Cryo-EM structure of FMRP•ribosome complex

We obtained a cryo-EM map of the Drosophila 80S ribosome•NT-dFMRP complex to determine the three-dimensional (3D) binding position of NT-dFMRP on the ribosome. Subtraction of the 3D map of the control Drosophila 80S ribosome from that of the 80S ribosome•NT-dFMRP complex shows an elongated mass of density, within the ribosomal inter-subunit space, that spans from central protuberance (CP) to α-sarcin/ricin stem-loop (SRL) region of the 60S subunit (Figure 4B). One end of the elongated difference mass interacts with the CP and A-site finger (ASF) of the 60S subunit, while its other end is situated between the protein S12 region of the small (40S) subunit and SRL region of the 60S subunit. Based on our cross-linking data, suggesting that the N-terminus of the NT-dFMRP construct interacts with the CP protein L5, we assign that portion of the difference map to the N-terminus, and tentatively assign the portion between S12 and SRL to the C-terminus domain of FMRP (Figures 4B-D). Both our crosslinking and cryo-EM results agree with a previous tandem affinity purification analysis of dFMRP from a cytoplasmic lysate, which showed that FMRP could interact with ribosomal proteins L5 and L18 (Ishizuka et al., 2002), both located in the CP of the 60S subunit (Ben-Shem et al., 2011). Indeed, we observe a direct interaction of NT-dFMRP with protein L5. The previous interaction reported with protein L18 could involve the N-terminus of the full-length FMRP that was absent in our construct. Docking of an I-TASSER (Zhang, 2008) homology model of NT-dFMRP into the corresponding cryo-EM map density tentatively places its KH1 and KH2 domains interacting with the CP and ASF, respectively, of the 60S subunit (Figures 4C-D). This region of the 60S subunit would normally be occupied by a tRNA in the peptidyl site (P site) during protein synthesis. Superimposition of the ribosome-bound FMRP and previously known binding position of the tRNA at the ribosomal P site indicated that the KH1 and KH2 domains of FMRP would partially overlap with the anticodon arm of the tRNA (Figure S7). However, future structural studies with a translationally inhibited ribosome•FMRP complex carrying a tRNA in the P site will be essential to understand if and how both the P-site tRNA and FMRP would be accommodated simultaneously on the ribosome.

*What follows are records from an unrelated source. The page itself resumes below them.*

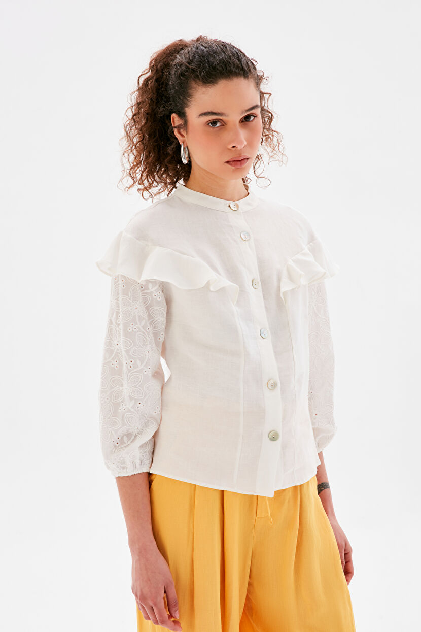 Kemik Fırfırlı Kolları Brodeli Bluz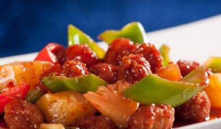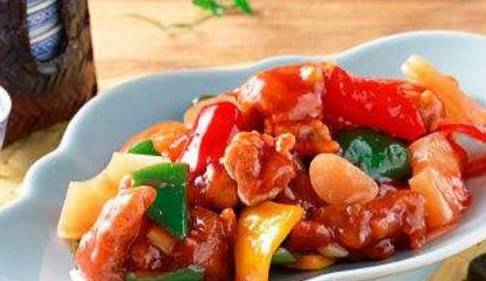 咕噜肉含有丰富的优质蛋白质和必需的脂肪酸,并提供血红素(有机铁)和促进铁吸收的半胱氨酸,能改善缺铁性贫血;具有补肾养血,滋阴润燥的功效;淀粉(蚕豆):蚕豆中含有丰富的钙、锌、锰、磷脂等,是大脑和神经组织的重要组成成分,并含有丰富的胆碱,有增加记忆力和健脑作用。菠萝中所含的蛋白质分解酵素有分解蛋白质及助消化的功能,对于长期食用过多肉类及油腻食物的人来说,是一种很合适的饭后水果。另外,菠萝的诱人香味则是来自其成分中的酸丁酯,具有刺激唾液分泌及促进食欲的功效。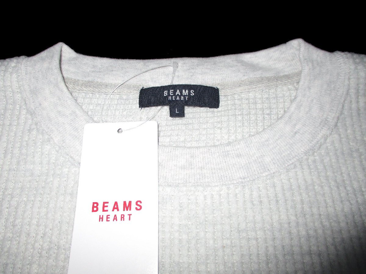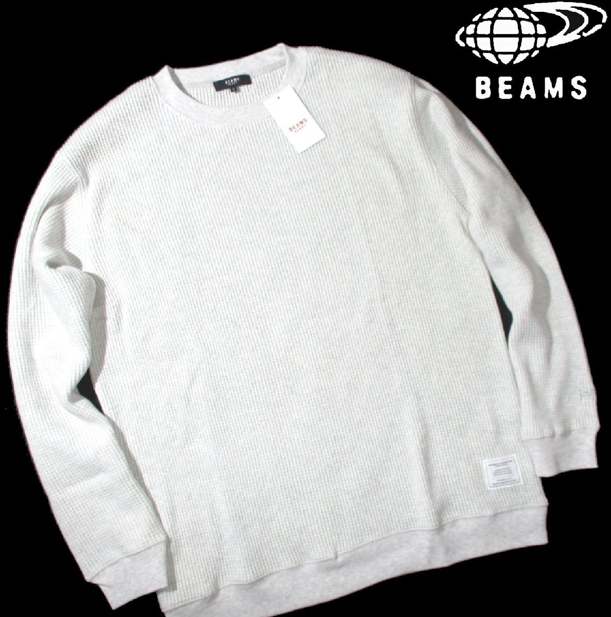 新品 秋冬 起毛 L ▼ ビームス BEAMS HEART 綿100% ワッフル トレーナー 刺繍入り ルーズフィット アイボリー ストーンホワイト 白 メンズ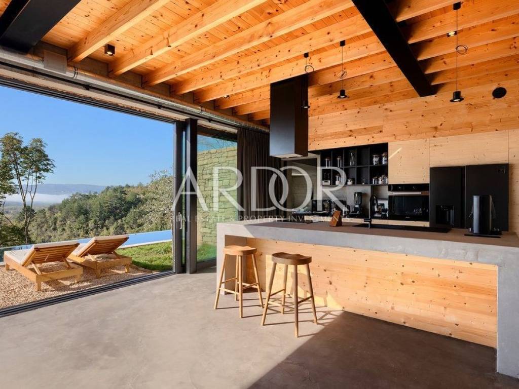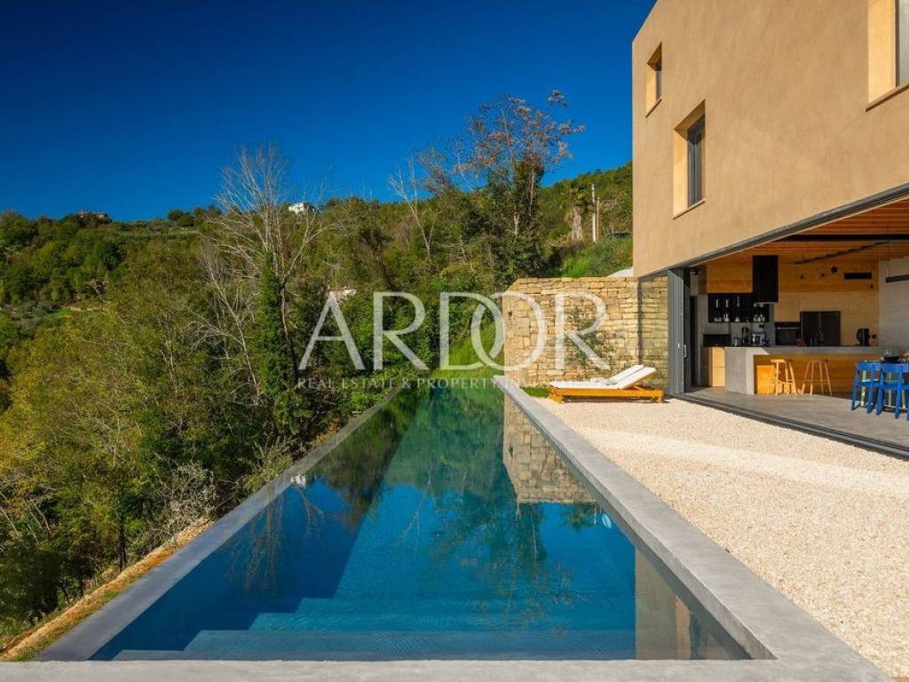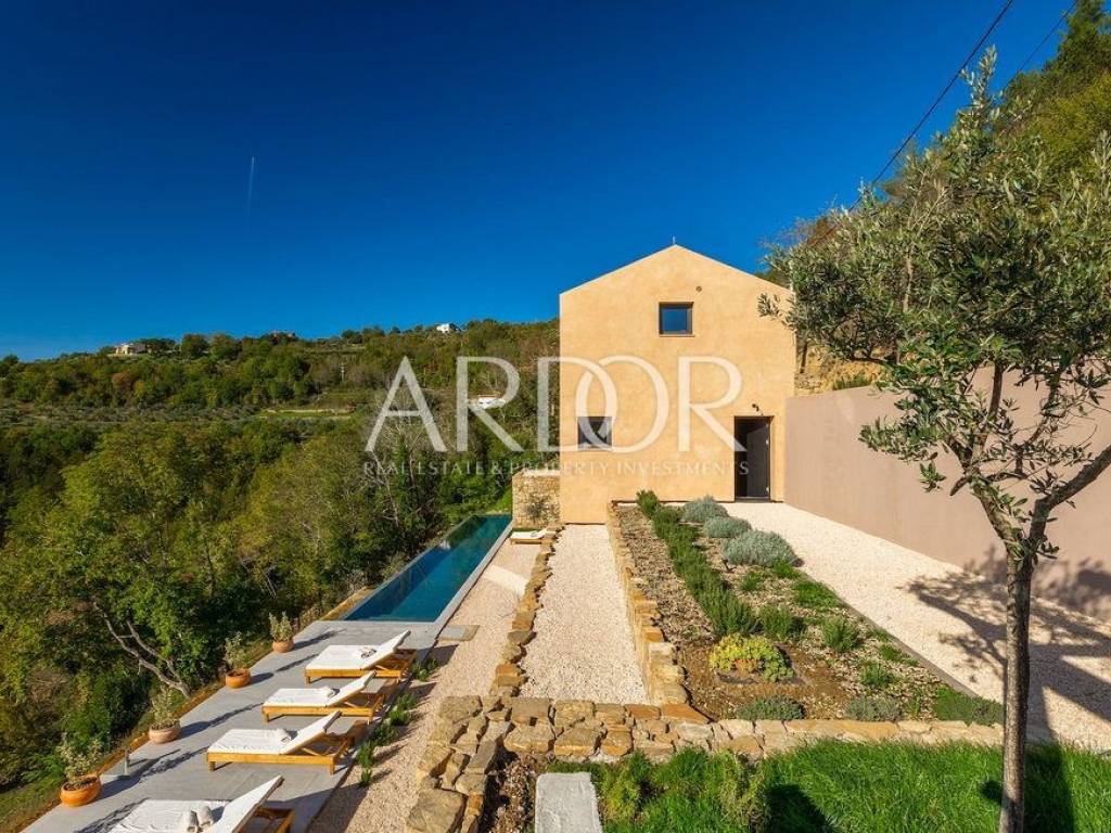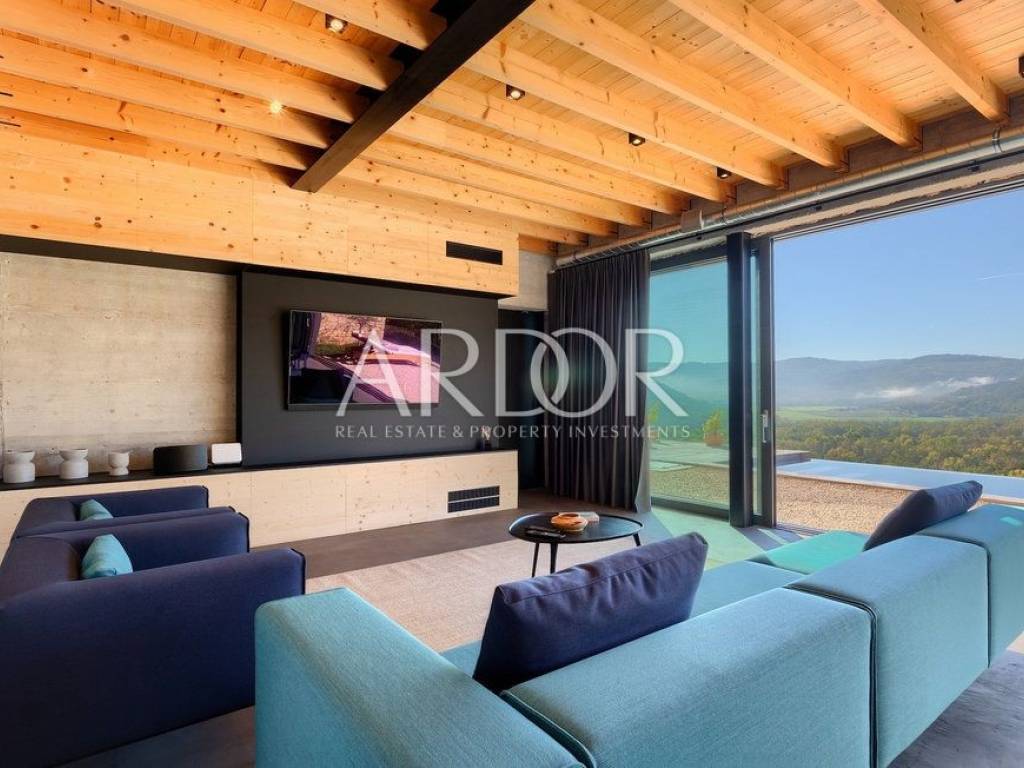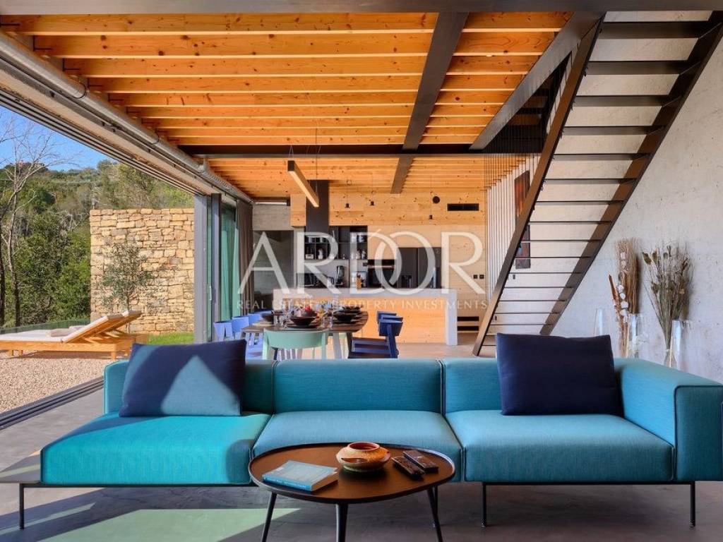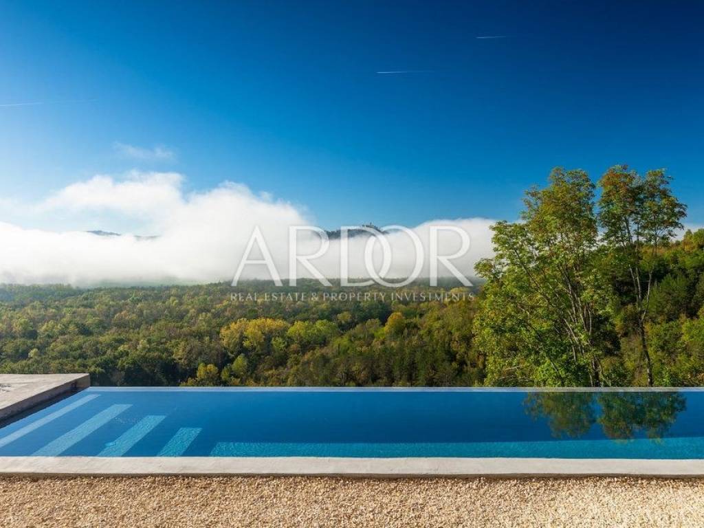 Situated on a hill in the heart of Istria, one of the most beautiful destinations, this villa is located in the immediate vicinity of some of the most famous wineries and restaurants. This Istrian region is known for its excellent wines, top-quality virgin olive oil and truffles.

Model for translational inhibition by FMRP

The cryo-EM structure suggests that the N-terminal KH1 and KH2 domains of FMRP bind to the ribosome, whereas the C-terminal RGG domain, which lies closer to the A-site in the small ribosomal subunit may interact with the mRNA. Interaction of the RGG domain of FMRP with G-quadruplex sequences in the mRNA may explain the selective translational inhibition of specific mRNA targets (Coffee et al., 2010; Lee et al., 2003; Schaeffer et al., 2001; Zhang et al., 2001), and is consistent with our results that the ΔRGG mutant inhibits translation poorly. Therefore, as depicted in Figure 5, the interactions of FMRP both with the ribosome and the mRNA may be important for synergistically inhibiting translation. The binding position of NT-dFMRP on the 80S ribosome suggests that FMRP would directly block the binding of several translation factors and tRNA that are known to bind to the overlapping regions on the ribosome (Agrawal et al., 2000), and thereby inhibit protein synthesis. Indeed, a recent study showed that FMRP reversibly stalls 80S ribosomes bound to target mRNAs at the elongation stage of protein synthesis (Darnell et al., 2011). Additionally, the FMRP-stalled 80S ribosomes appeared to form larger complexes consisting of multiple 80S ribosomes bound to the target mRNA (Darnell et al., 2011). These previous results, taken together with our structural data, suggest that FMRP would block the binding of eEF1A•GTP•aminoacyl-tRNA ternary complex and eEF2 to the 80S ribosome to inhibit the transit of the ribosomes on the target mRNAs. Finally, the inhibition of translation by FMRP maybe regulated by the post-translational modification of FMRP such as phosphorylation/dephosphorylation of serine residues (Ceman et al., 2003; Coffee et al., 2012; Muddashetty et al., 2011; Nalavadi et al., 2012; Siomi et al., 2002) and methylation/demethylation of arginine residues (Blackwell et al., 2010; Denman, 2002; Dolzhanskaya et al., 2006). These post-translational modifications may modulate the affinity of FMRP for the ribosome and for the target mRNAs thereby “turning-on” or “turning-off” protein synthesis locally in the neuron in an activity-dependent manner.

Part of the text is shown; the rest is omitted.